Researchers from the Rensselaer Polytechnic Institute in Troy, N.Y., reported yesterday that they have developed the first fully synthetic heparin – the largest dose of heparin ever created in the lab.

Co-investigator Robert J. Linhardt, PhD, said he spent years stitching together minuscule carbohydrates to build a more pure and safer alternative to the commonly used and controversial blood thinner heparin. He got the opportunity to display his findings at the national conference of the American Chemical Society.

Linhardt, together with Jian Liu of the University of North Carolina, discovered the synthetic "recipe" for heparin in 2006, according to a press release. Since that time, he has worked to piece together the various molecules and grow a complex carbohydrate that is naturally created in the body in the lab.
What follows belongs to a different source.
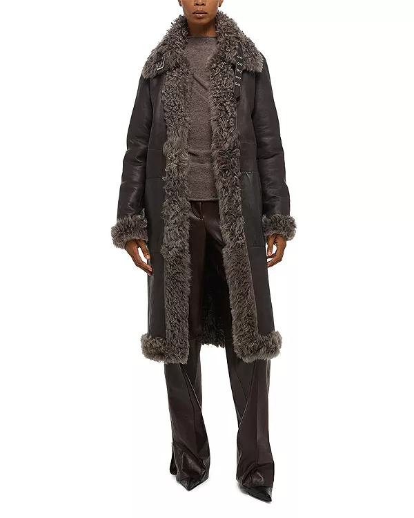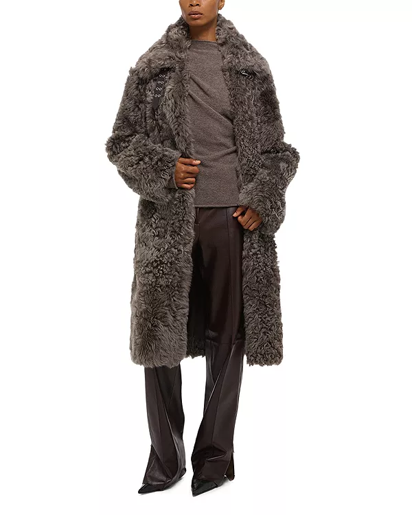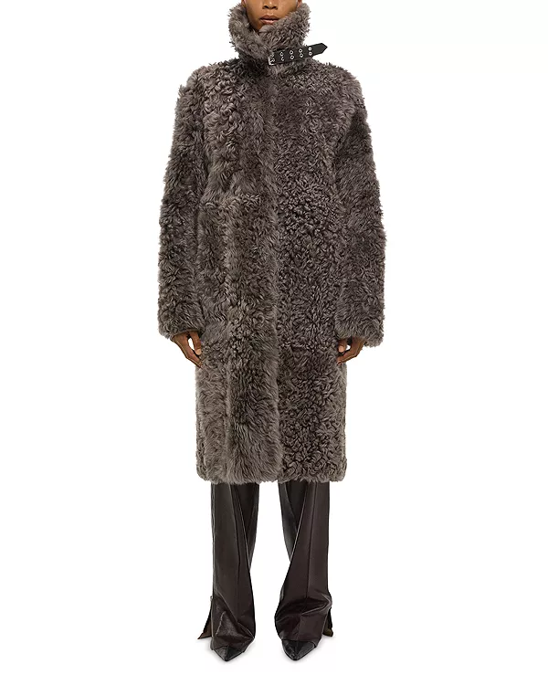 Потрясающее двустороннее пальто от Хельмута Ланга из натуральной кудрявой овчины с пряжкой на воротнике.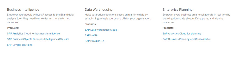 You can receive more information regarding the solutions that are offered as part of the analytics in the following link https://www.sap.com/australia/products/analytics.html

The carbohydrate backbone for the new heparin comes from the bacteria E. coli. The use of the common and easily grown bacteria makes this version of heparin much easier and faster to produce, Linhardt said in the press release.

The team used a process called chemoenzymatic synthesis that used specialized synthetic chemicals and natural enzymes expressed in E. coli to replicate the normal biosynthesis of natural heparin within the cell.

The dose that Linhardt and his team were able to produce with this method was 1 million times higher than any other alternative created to date, according to the press release.

He will continue to work with his partners to take the milligram dose that they have developed and expand it to kilograms, Linhardt added.

"Ultimately, drug companies are going to need to produce tons of this drug to keep up with global demand," he said in the press release. "Such levels of productions are further down the road. We think that in 5 years, it is very possible that this drug could reach human clinical trials."

The milligram-scale synthesis of heparin will be published in the Journal of the American Chemical Society.